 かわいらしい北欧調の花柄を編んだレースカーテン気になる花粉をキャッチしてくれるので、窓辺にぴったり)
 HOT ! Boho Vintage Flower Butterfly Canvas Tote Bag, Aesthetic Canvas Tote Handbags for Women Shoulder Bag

○ ○ ○ ○ ○

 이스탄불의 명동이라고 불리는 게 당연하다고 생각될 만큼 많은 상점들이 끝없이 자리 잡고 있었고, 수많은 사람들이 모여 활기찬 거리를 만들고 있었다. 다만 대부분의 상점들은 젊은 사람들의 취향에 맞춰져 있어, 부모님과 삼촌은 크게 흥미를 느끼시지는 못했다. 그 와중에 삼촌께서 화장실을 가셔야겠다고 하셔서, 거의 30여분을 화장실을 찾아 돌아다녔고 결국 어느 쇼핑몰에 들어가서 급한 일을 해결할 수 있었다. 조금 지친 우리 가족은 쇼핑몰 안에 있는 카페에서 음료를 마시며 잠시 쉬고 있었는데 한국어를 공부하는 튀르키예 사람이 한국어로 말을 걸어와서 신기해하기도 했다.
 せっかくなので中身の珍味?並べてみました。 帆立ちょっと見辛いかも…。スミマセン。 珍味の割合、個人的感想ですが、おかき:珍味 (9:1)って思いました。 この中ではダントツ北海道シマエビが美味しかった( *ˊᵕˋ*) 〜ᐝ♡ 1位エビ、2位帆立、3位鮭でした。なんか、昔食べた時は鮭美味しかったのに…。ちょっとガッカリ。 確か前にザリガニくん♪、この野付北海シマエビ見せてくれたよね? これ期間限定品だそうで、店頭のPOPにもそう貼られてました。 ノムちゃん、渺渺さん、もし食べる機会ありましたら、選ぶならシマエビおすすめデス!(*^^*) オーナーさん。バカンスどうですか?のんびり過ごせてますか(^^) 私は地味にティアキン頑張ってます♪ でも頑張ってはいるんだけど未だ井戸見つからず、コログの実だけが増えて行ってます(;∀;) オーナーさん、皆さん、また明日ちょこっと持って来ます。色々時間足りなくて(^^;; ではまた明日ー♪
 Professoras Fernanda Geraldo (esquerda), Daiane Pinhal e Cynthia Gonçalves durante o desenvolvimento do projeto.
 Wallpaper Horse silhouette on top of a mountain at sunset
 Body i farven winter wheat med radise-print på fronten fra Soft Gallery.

○ ○ ○ ○ ○

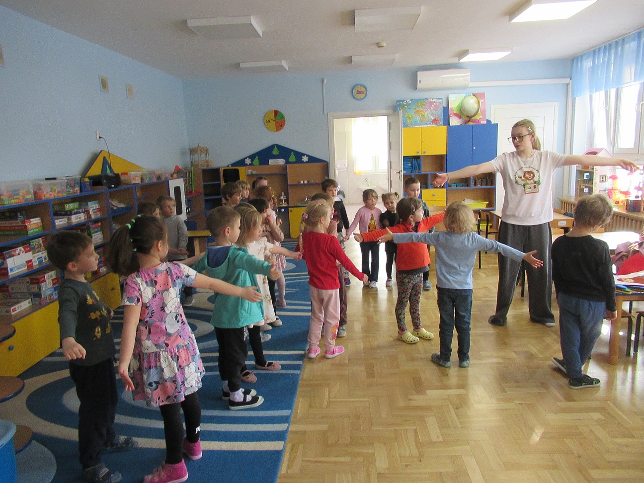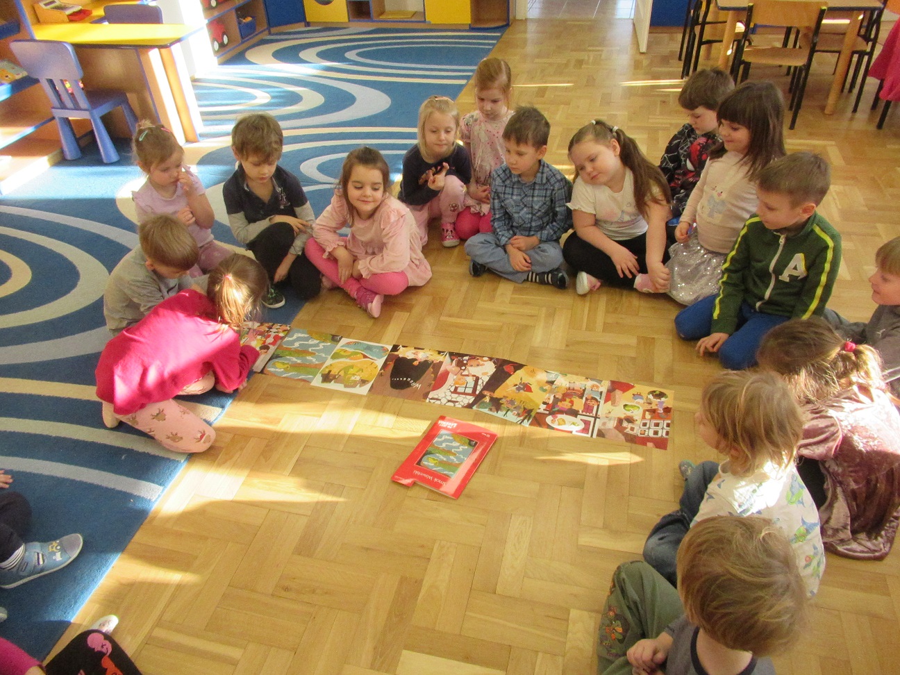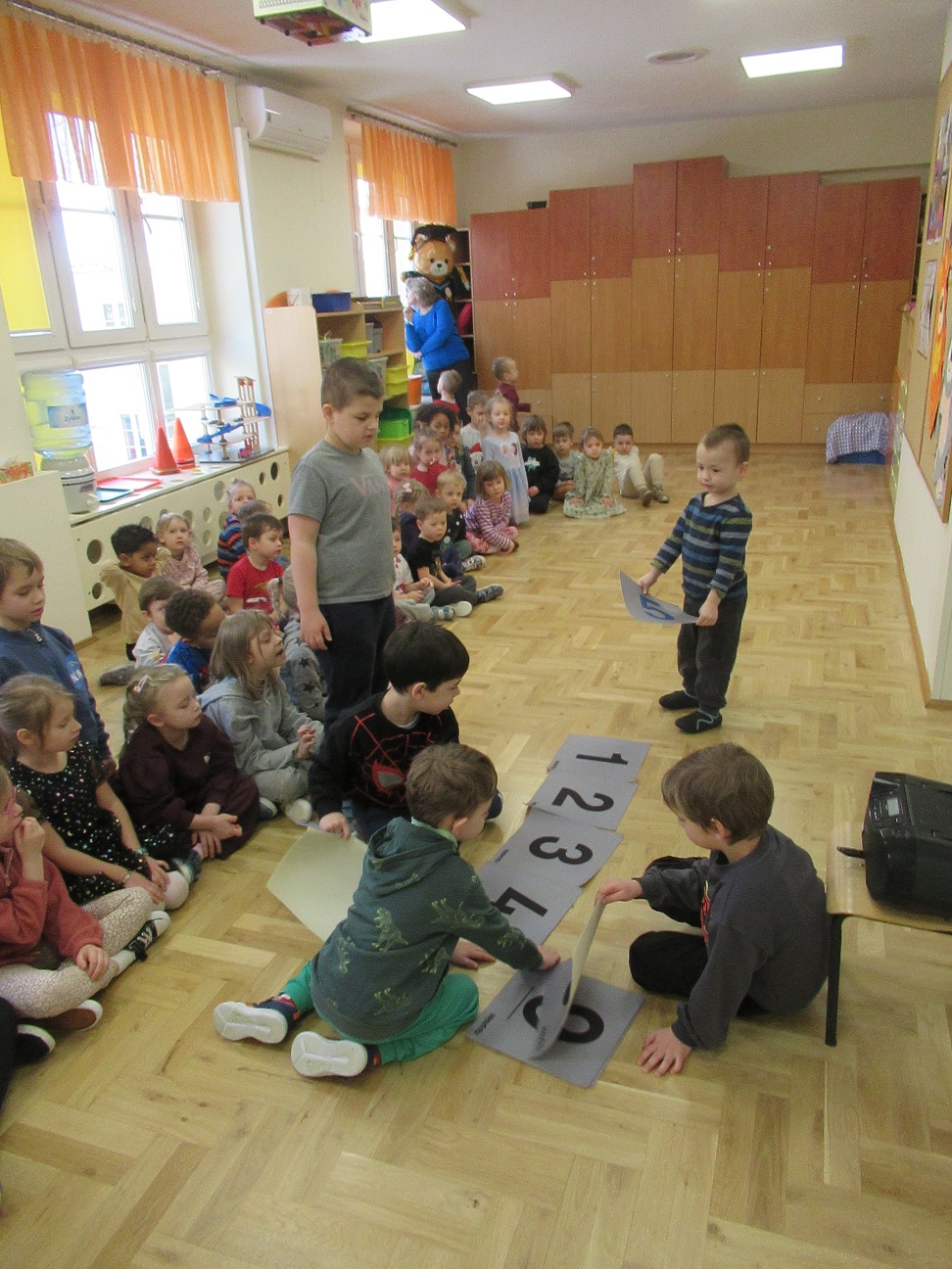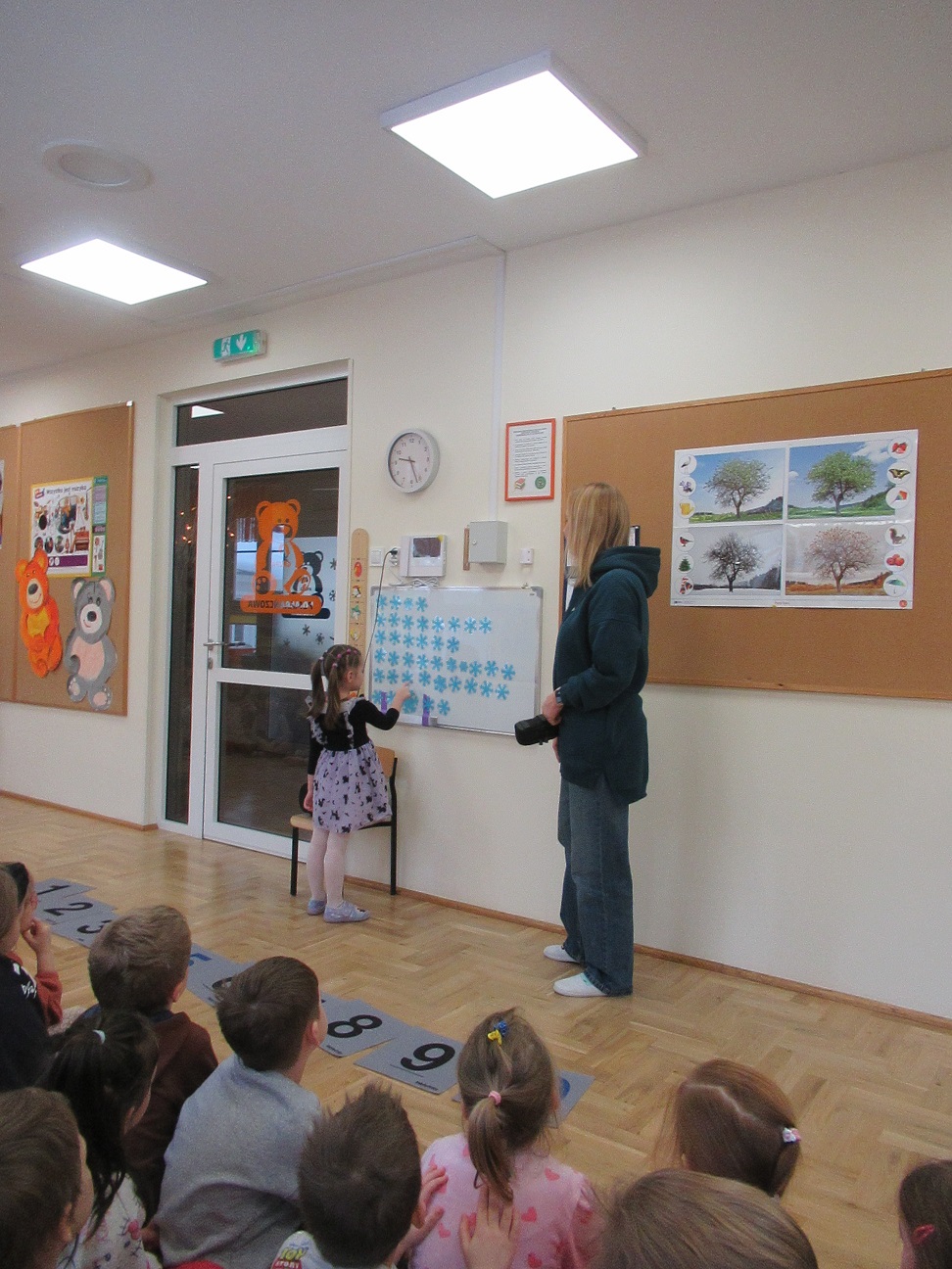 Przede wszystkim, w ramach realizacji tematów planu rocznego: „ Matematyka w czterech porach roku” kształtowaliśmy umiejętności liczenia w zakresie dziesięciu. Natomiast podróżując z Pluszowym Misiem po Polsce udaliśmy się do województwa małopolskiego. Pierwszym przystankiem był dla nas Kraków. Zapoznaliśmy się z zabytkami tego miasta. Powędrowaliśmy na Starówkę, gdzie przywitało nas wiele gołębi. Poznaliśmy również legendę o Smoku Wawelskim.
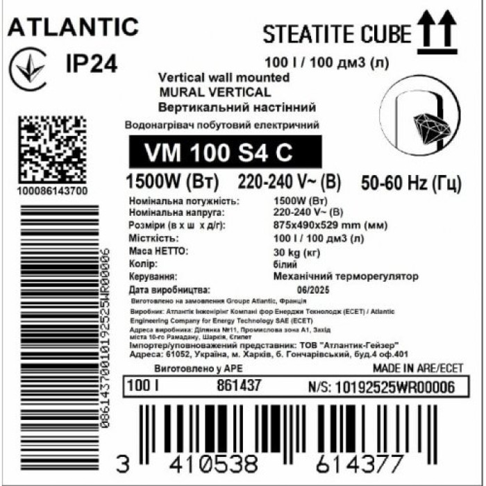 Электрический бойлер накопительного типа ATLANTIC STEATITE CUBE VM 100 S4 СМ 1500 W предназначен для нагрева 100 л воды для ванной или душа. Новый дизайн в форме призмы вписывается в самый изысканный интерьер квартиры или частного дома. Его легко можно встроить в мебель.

○ ○ ○ ○ ○

* [What is needed] In the entries above, find the line with "かわいらしい北欧調の花柄を編" and the line with "HOT ! Boho Vintage", then restate word for word both of them and every line between, with nothing more.

* [Exercise answer]
 かわいらしい北欧調の花柄を編んだレースカーテン気になる花粉をキャッチしてくれるので、窓辺にぴったり)
 HOT ! Boho Vintage Flower Butterfly Canvas Tote Bag, Aesthetic Canvas Tote Handbags for Women Shoulder Bag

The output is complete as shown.